Hecklerspray has read many a bad book in our time.
And – whether we were halfway through Martin Amis's ludicrously self-indulgent Yellow Dog or trying our best to figure what all the fuss was about that rubbish Bukowski chap – one thought has remained constant: "at least this isn't a bloody Tolkien book."
J.R.R Tolkien, for those of you lucky enough not to know, is the man responsible for The Lord Of The Rings – the archetypal book for people who don't like books, and perennial fanboy favourite for those who love discussing exotic fantasy creatures like Elves, Orcs and Pixies (but never girls. Oh no. They're just scary).
Tolkien, however, popped his clogs 34 years ago, which might fool you into thinking that the world is safe from his tedious emotionally-stunted 'literature'.
Think again, kids.
With the assistance of his son Christopher, a long-lost Tolkien manuscript has finally been dug up and cobbled together into something worthy of the great man himself (i.e they took out any characterisation and replaced it with three-page long descriptions of swords instead).

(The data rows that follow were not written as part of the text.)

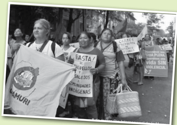
La marcha del 8 de marzo reunió a mujeres de distintos sectores de la sociedad
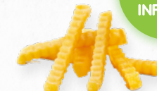
BATATA PRÉ-FRITA CRINKLE
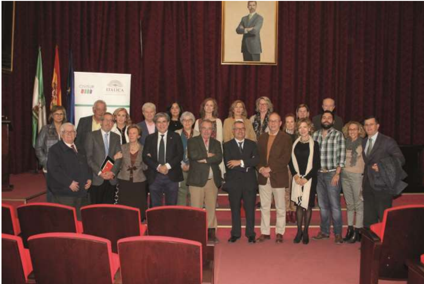
Foto de grupo en la clausura del III Curso del Foro Permanente Itálica, en-clave de Patrimonio Mundial. Paraninfo de la Universidad de Sevilla 6 de noviembre de 2019
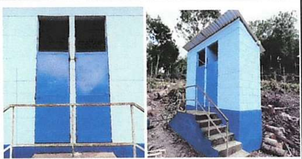
Foto 4: MANTENIMIENTO A ESTRUCTURA (LIJADO, CAMBIO DE TUBO, CEPILLADO, SUJECIONES, APLICACIÓN DE PINTURA A PUERTA EN SERVICIOS SANITARIOS
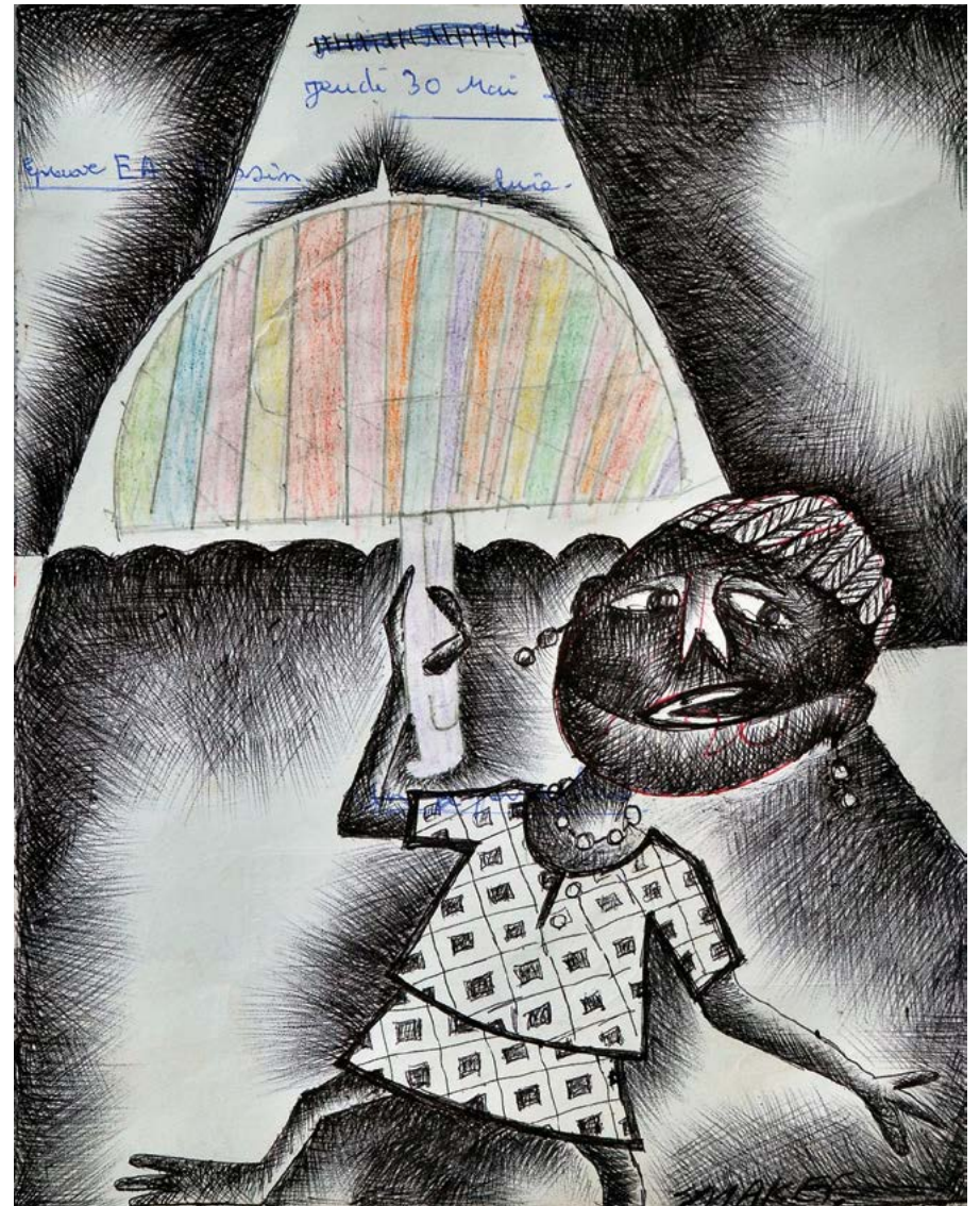
La petite au parapluie , 2014. Stylo à bille sur feuille de cahier d'écolier, 28,5 x 23 cm.
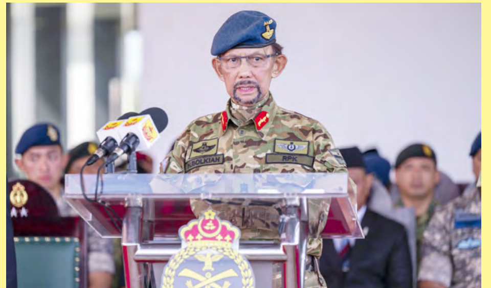
KEBAWAH Duli Yang Maha Mulia Paduka Seri Baginda Sultan Haji Hassanal Bolkiah Mu'izzaddin Waddaulah ibni Al-Marhum Sultan Haji Omar 'Ali Saifuddien Sa'adul Khairi Waddien, Sultan dan Yang Di-Pertuan Negara Brunei Darussalam berkenan mengurniakan titah pada Sambutan Hari Ulang Tahun Angkatan Bersenjata Diraja Brunei Ke-65 pada Ahad, 31 Mei 2026, bertempat di Padang Kawad, Pangkalan Tentera Udara Rimba, Tentera Udara Diraja Brunei.

Selaras dengan pendekatan pertahanan yang komprehensif dari sudut Diplomasi Pertahanan pada tahun ini yang amat signifikan dengan Sambutan Jubli Emas ialah hubungan pertahanan di antara ABDB dengan Angkatan Bersenjata Republik Singapura. Dalam hal ini, beta sukacita mengambil maklum beberapa aktiviti dua hala telah dan akan dilaksanakan secara bersepadu oleh ABDB bersama Angkatan Bersenjata Republik Singapura sebagai acara kemuncak. Pada masa yang sama
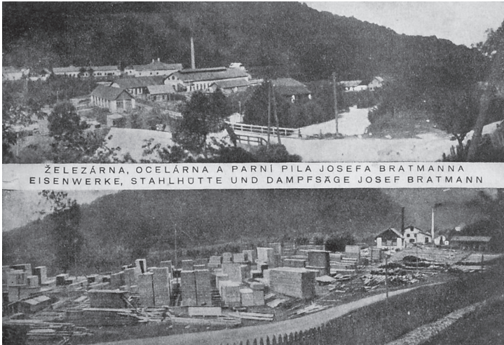
Képeslap a cseh érából a vasgyárral és fűrészüzemmel.
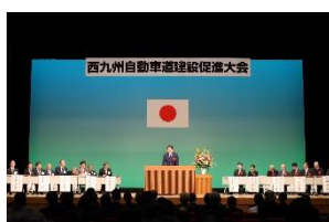
西九州自動車道建設促進大会 (平戸市) 1 月
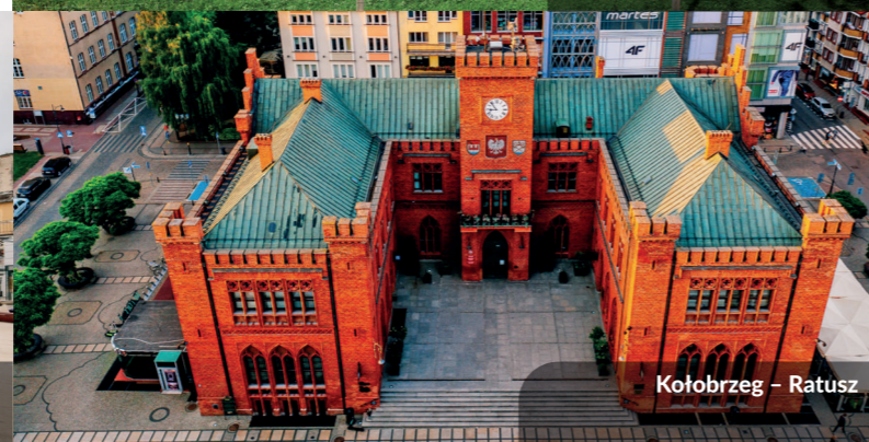
Kołobrzeg – Ratusz
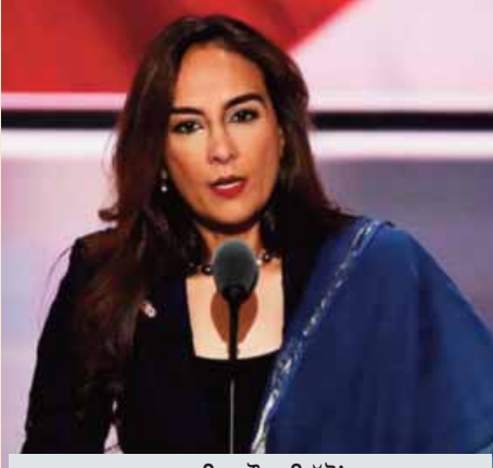
ਹਰਮੀਤ ਕੌਰ ਢਿੱਲੋਂ

ਵਾਸ਼ਿੰਗਟਨ: ਅਮਰੀਕਾ ਦੇ ਨਵੇਂ ਚੁਣੇ ਗਏ ਰਾਸ਼ਟਰਪਤੀ ਡੋਨਲਡ ਟਰੰਪ ਨੇ ਚੰਡੀਗੜ੍ਹ ਵਿੱਚ ਜਨਮੀ ਮਸ਼ਹੂਰ ਵਕੀਲ ਹਰਮੀਤ ਕੌਰ ਢਿੱਲੋਂ ਨੂੰ ਸਹਾਇਕ ਅਟਾਰਨੀ ਜਨਰਲ ਵਜੋਂ ਨਾਮਜ਼ਦ ਕਰਕੇ ਇੱਕ ਵੱਡਾ ਐਲਾਨ ਕੀਤਾ ਹੈ। ਇਸ ਅਹੁਦੇ 'ਤੇ ਨਿਯੁਕਤੀ ਨਾਲ ਉਹ ਅਮਰੀਕਾ ਦੇ ਨਿਆਂ ਵਿਭਾਗ ਵਿੱਚ ਸਿਵਲ ਰਾਈਟਸ ਦੀ ਰੱਖਿਆ ਲਈ ਜ਼ਿੰਮੇਵਾਰੀ ਸਾਂਭਣਗੇ। ਜ਼ਿਕਰਯੋਗ ਹੈ ਕਿ ਹਰਮੀਤ ਕੌਰ ਢਿੱਲੋਂ ਸੈਨਫਰੈਸਿਸਕੋ ਕੈਲੀਫੋਰਨੀਆ ਵਿਖੇ ਲੋਕਾਂ ਨੂੰ ਆਪਣੀਆਂ ਕਾਨੂੰਨੀ ਸੇਵਾਵਾਂ ਦੇ ਰਹੀ ਹੈ। ਹਰਮੀਤ ਢਿੱਲੋਂ, ਜੋ ਫੀਡਮ ਆਫ ਸਪੀਚ ਅਤੇ ਨਾਗਰਿਕ ਅਧਿਕਾਰਾਂ ਦੀ ਰੱਖਿਆ ਲਈ ਜਾਣੀ ਜਾਂਦੀ ਹੈ, ਨੇ ਆਪਣੇ ਕਰੀਅਰ ਦੌਰਾਨ ਤਕਨੀਕੀ ਕੰਪਨੀਆਂ ਵਿਰੁੱਧ ਮੁਹਿੰਮ ਚਲਾਈ। ਉਹਨਾਂ ਦੀ ਰਹਿਨੁਮਾਈ ਹੇਠ ਕਈ ਅਹਿਮ ਮਾਮਲਿਆਂ ਵਿੱਚ ਅਮਰੀਕੀ ਨਾਗਰਿਕਾਂ ਦੇ ਸੰਵਿਧਾਨਕ ਅਧਿਕਾਰਾਂ ਦੀ ਰੱਖਿਆ ਕੀਤੀ ਗਈ।
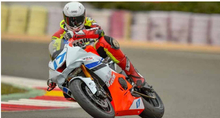
Yamaha klasa Stock 600
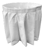
ANT M Filtro antistatico (Classe M EN 60335-2-69)
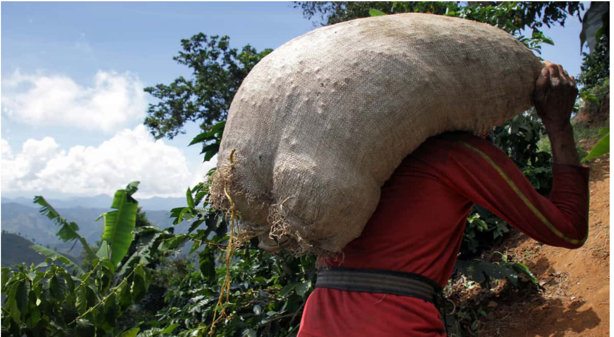
Los caficultores, aseguran que esos dineros son los aportados por ellos y que ni el gobierno Duque y Petro han puesto su parte.

■ Ante el anuncio del Gobierno Nacional de activar el Fondo de Estabilización de Precios del Café, de la cual, las familias obtendrían una compensación del 80 por ciento. Los caficultores, aseguran que esos dineros son los aportados por ellos y que ni el gobierno Duque y Petro han puesto su parte.
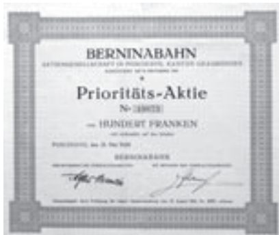
Prioritätsaktie über 100 Franken. Poschiavo, 21. Mai 1924.

Das Kapital betrug neu Fr. 4.26 Mio. in Prioritätsaktien und Fr. 0.901 Mio. in Stammaktien, die in Fr. 4.26 Mio. Prioritätsaktien der RhB und Fr. 0.901 Mio. Stammaktien der RhB umgetauscht wurden.
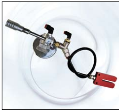
Ugello aria fredda –olio versione a forcella per segatrici - troncatrici

The Children Of Hurin has been exciting Tolkien fans across the nation, probably making them all drop their Games Workshop toys and say stuff like "come, let us venture to ye stout booksellers of Waterstones" or "Quickly, Nigel, let's run out and buy it before those nasty boys in Form 8F give us wedgies and call us gay."
The book – to anyone who cares – takes place:
"…in a part of Middle-earth that doesn't exist any more when Lord of the Rings takes place but it is very much Middle-earth, it is very much the same world but it is a more serious tale. It's a beautiful tale in itself but it may not strike a chord because people feel there aren't enough hobbits in it – because there aren't any."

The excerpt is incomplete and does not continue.